**Prompt**
Omit the pictures and return every entry exactly as written.

● ● ● ● ● ● ●

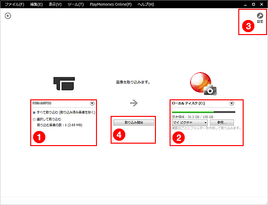 取り込み画面が表示されます。初期設定ではマイピクチャに撮影日ごとにフォルダーを作成して取り込む設定になっています。
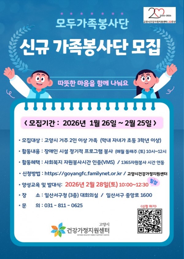 고양시 건강가정지원센터, 가족봉사단 참여자 모집 안내(고양시 새소식)
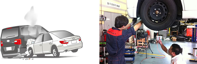 高い板金・塗装技術を身につけた専門スタッフが対応します。自社スタッフ、自社工場だから安心です!!
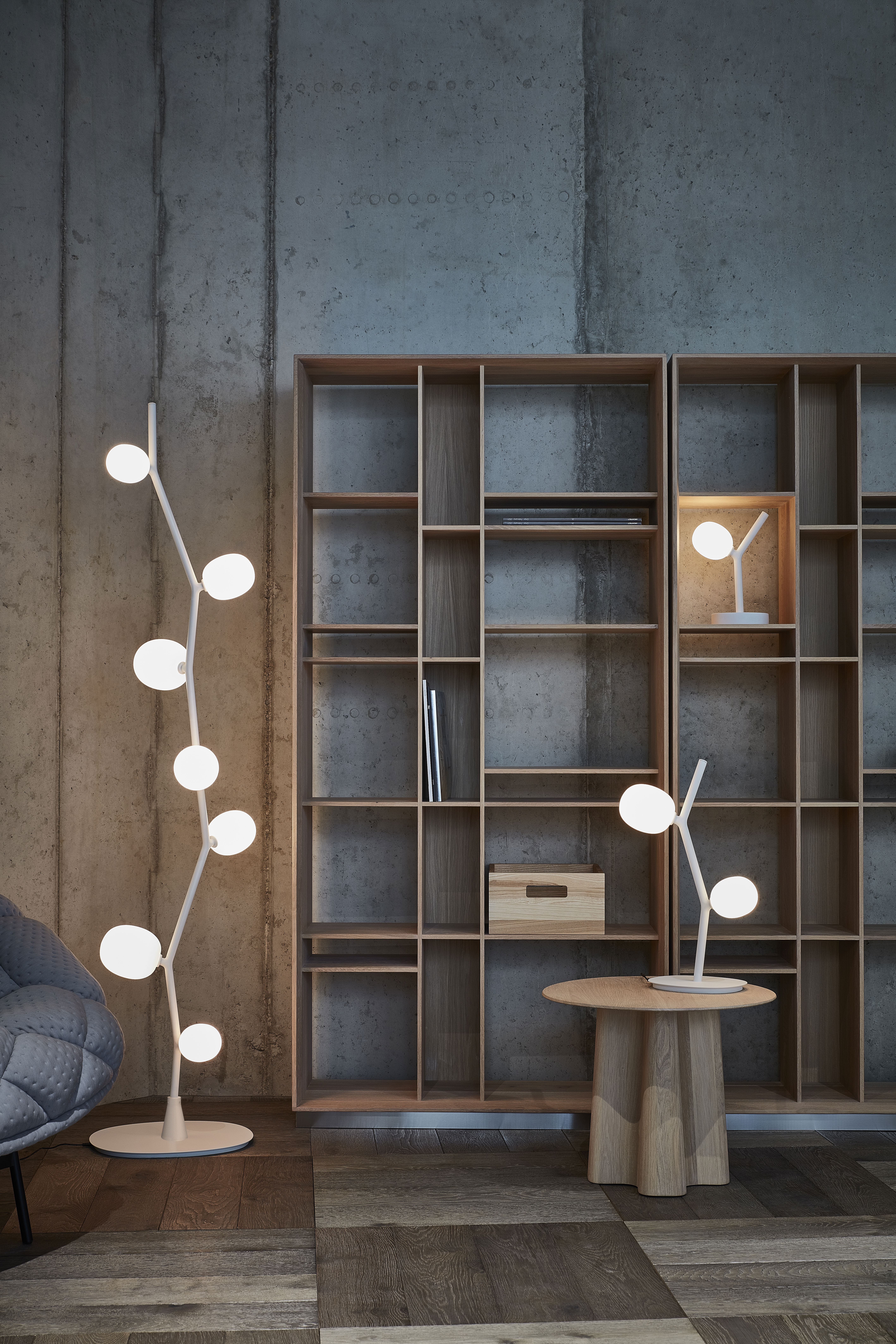 Концепция основана на модульном принципе, позволяющем выстраивать как вертикальные, так и горизонтальные композиции декоративного освещения. Новая версия с аккумулятором представляет собой более компактную интерпретацию настольного светильника Ivy, что делает её мобильной и удобной для использования в различных зонах.
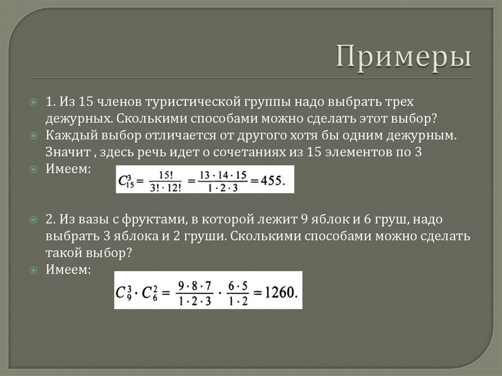 1. Из 15 членов туристической группы надо выбрать трехдежурных. Сколькими способами можно сделать этот выбор?
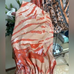 Embrace a bohemian vibe with this stylish orange and black top with long tie dye look puff sleeves with an elastic waistband.Perfect for casual outings, it features a unique pattern that stands out. Pair it with your favorite jeans for a chic look. Oversized could fit a S-M also. Measurements are 20.5” ptp, length 20”
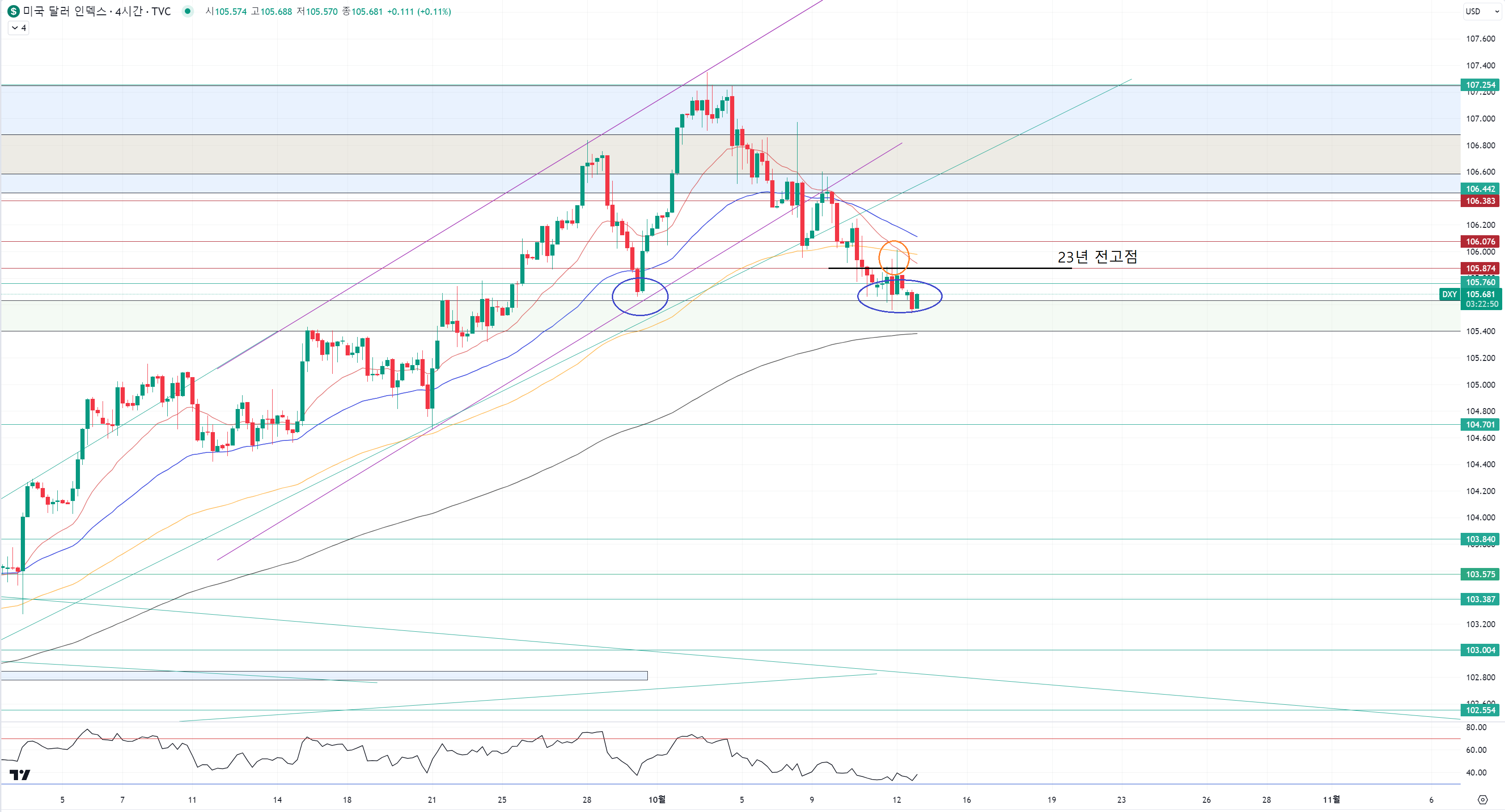 오히려 지금은 주황색 동그라미와 10월 2일 고점을 기준으로 매수 결정 구간에 와있어요.
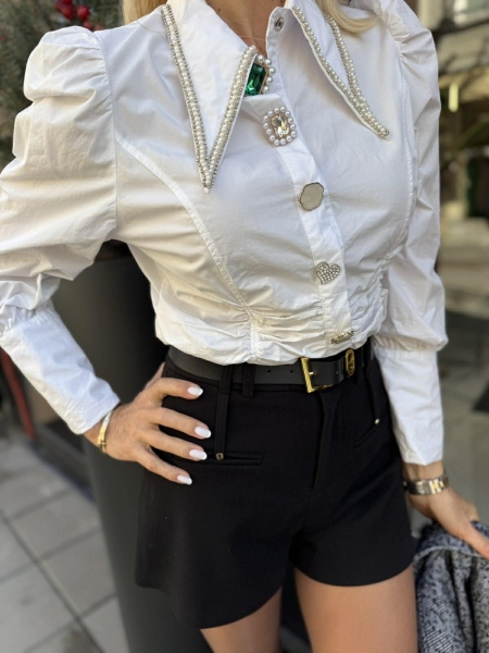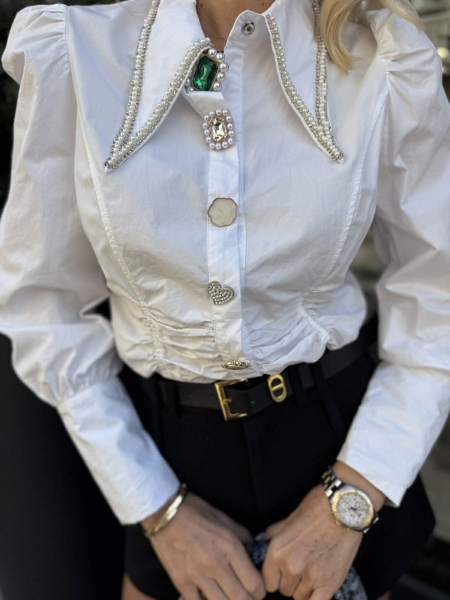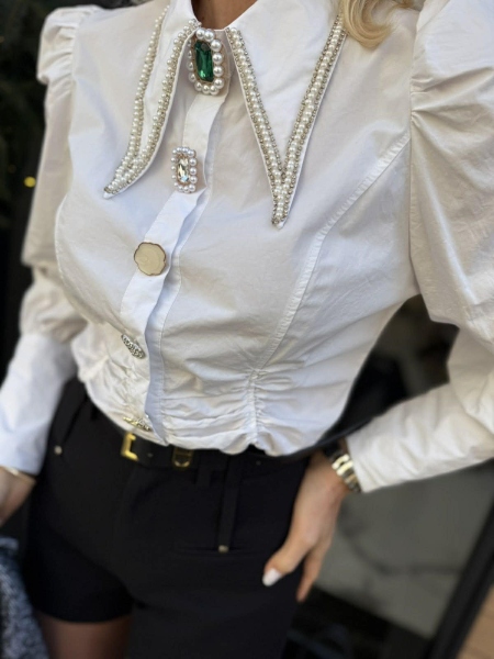 Риза в бял цвят с декорация от перли и камъчета. Моделът е с втален силует, остра яка и закопчаване с копчета. Универсален размер подходящ за S, M.
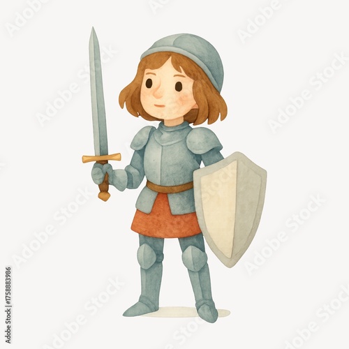 illustration, cute, minimalistic, background, watercolor, shadow, book, person, mediaeval, cartoon, fantasy, design, knight, sword, art, shield, simple, armoring, human, knife, edge, look, charming, atmosphere, character, warrior, dagger, weapon, clean, style, proportion, whimsy, sharp, isolated, dreamy, blade, arc, baby, children, suitable, weaponry, whimsical, fantasy art
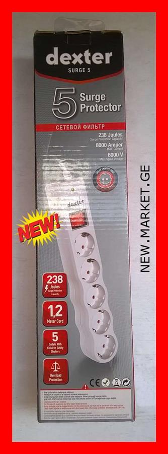 იყიდება მაღალი ხარისხის ელექტროდამაგრძელებელი დენის ფილტრი Dexter Surge5 surge protector ელექტრული ქსელის ფილტრი ელექტრო დამაგრძელებელი უზრუნველყოფს კომპიუტერული აღჭურვილობისა და სამომხმარებლო ელექტრონიკის დაცვას. მოდელი: Dexter Surge5, ახალი (უხმარი) ორიგინალი Dexter ფირმის ელექტროდამაგრძელებელი / ელექტრო დამაგრძელებელი იცავს კომპიუტერებს და ელექტრულ და ელექტრონულ მოწყობილობებს ძაბვის უეცარი ცვლილებებისგან და იმპულსური ხმაურისგან - ორიგინალი ელექტროდამაგრძელებლები ორიგინალი ელექტრო დამაგრძელებლები.
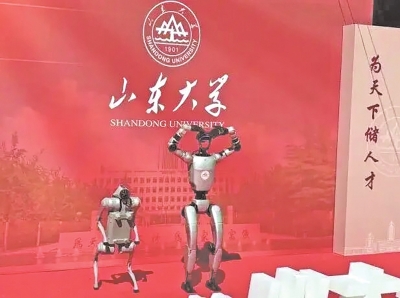 | 山东大学AI机器人“比心”迎新。 |
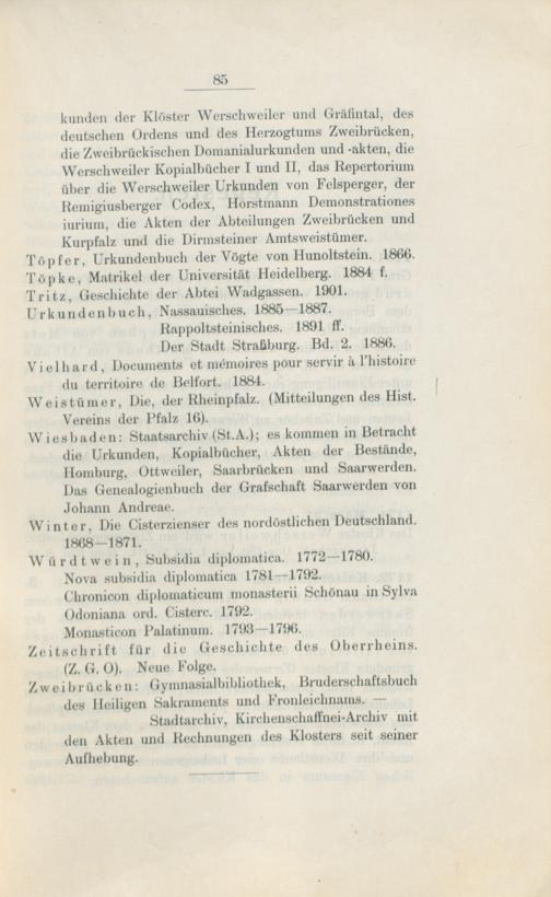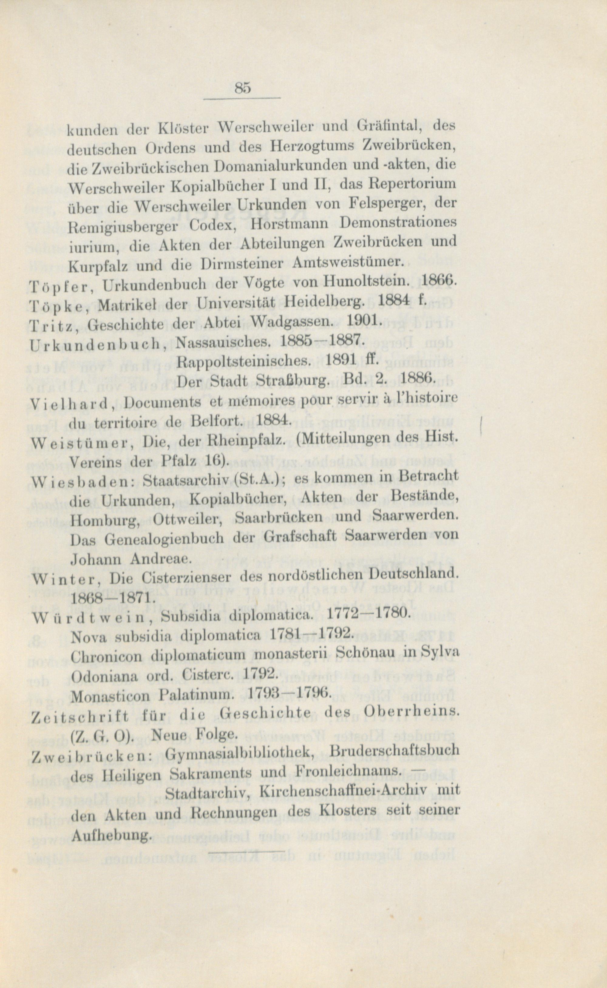 Regesten des Klosters Werschweiler / von Andreas Neubauer
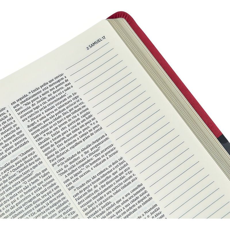 Quantas vezes estamos na igreja e ouvimos algo tão tocante que queremos registrar, mas não podemos porque não temos onde anotar? Você até gostaria de escrever na própria Bíblia, para que aquela informação complementasse seus estudos bíblicos, mas ela não tem espaço. Esta Bíblia chegou para resolver esse problema. Pensada para você que gosta de registrar comentários e anotações que enriqueçam a compreensão do texto bíblico, Sua Bíblia foi elaborada para incluir anotações sem prejudicar a leitura das Escrituras. Com papel diferenciado que dá mais destaque às suas anotações e mais visibilidade ao texto, graças a uma fonte especial desenvolvida pela Thomas Nelson Brasil, esta é a ferramenta ideal para aqueles que desejam aprofundar seu relacionamento com a Palavra.

● ● ● ● ● ● ●

**Reply to the task**
 取り込み画面が表示されます。初期設定ではマイピクチャに撮影日ごとにフォルダーを作成して取り込む設定になっています。
 고양시 건강가정지원센터, 가족봉사단 참여자 모집 안내(고양시 새소식)
 高い板金・塗装技術を身につけた専門スタッフが対応します。自社スタッフ、自社工場だから安心です!!
 Концепция основана на модульном принципе, позволяющем выстраивать как вертикальные, так и горизонтальные композиции декоративного освещения. Новая версия с аккумулятором представляет собой более компактную интерпретацию настольного светильника Ivy, что делает её мобильной и удобной для использования в различных зонах.
 1. Из 15 членов туристической группы надо выбрать трехдежурных. Сколькими способами можно сделать этот выбор?
 Embrace a bohemian vibe with this stylish orange and black top with long tie dye look puff sleeves with an elastic waistband.Perfect for casual outings, it features a unique pattern that stands out. Pair it with your favorite jeans for a chic look. Oversized could fit a S-M also. Measurements are 20.5” ptp, length 20”
 오히려 지금은 주황색 동그라미와 10월 2일 고점을 기준으로 매수 결정 구간에 와있어요.
 Риза в бял цвят с декорация от перли и камъчета. Моделът е с втален силует, остра яка и закопчаване с копчета. Универсален размер подходящ за S, M.
 illustration, cute, minimalistic, background, watercolor, shadow, book, person, mediaeval, cartoon, fantasy, design, knight, sword, art, shield, simple, armoring, human, knife, edge, look, charming, atmosphere, character, warrior, dagger, weapon, clean, style, proportion, whimsy, sharp, isolated, dreamy, blade, arc, baby, children, suitable, weaponry, whimsical, fantasy art
 იყიდება მაღალი ხარისხის ელექტროდამაგრძელებელი დენის ფილტრი Dexter Surge5 surge protector ელექტრული ქსელის ფილტრი ელექტრო დამაგრძელებელი უზრუნველყოფს კომპიუტერული აღჭურვილობისა და სამომხმარებლო ელექტრონიკის დაცვას. მოდელი: Dexter Surge5, ახალი (უხმარი) ორიგინალი Dexter ფირმის ელექტროდამაგრძელებელი / ელექტრო დამაგრძელებელი იცავს კომპიუტერებს და ელექტრულ და ელექტრონულ მოწყობილობებს ძაბვის უეცარი ცვლილებებისგან და იმპულსური ხმაურისგან - ორიგინალი ელექტროდამაგრძელებლები ორიგინალი ელექტრო დამაგრძელებლები.
 | 山东大学AI机器人“比心”迎新。 |
 Regesten des Klosters Werschweiler / von Andreas Neubauer
 Quantas vezes estamos na igreja e ouvimos algo tão tocante que queremos registrar, mas não podemos porque não temos onde anotar? Você até gostaria de escrever na própria Bíblia, para que aquela informação complementasse seus estudos bíblicos, mas ela não tem espaço. Esta Bíblia chegou para resolver esse problema. Pensada para você que gosta de registrar comentários e anotações que enriqueçam a compreensão do texto bíblico, Sua Bíblia foi elaborada para incluir anotações sem prejudicar a leitura das Escrituras. Com papel diferenciado que dá mais destaque às suas anotações e mais visibilidade ao texto, graças a uma fonte especial desenvolvida pela Thomas Nelson Brasil, esta é a ferramenta ideal para aqueles que desejam aprofundar seu relacionamento com a Palavra.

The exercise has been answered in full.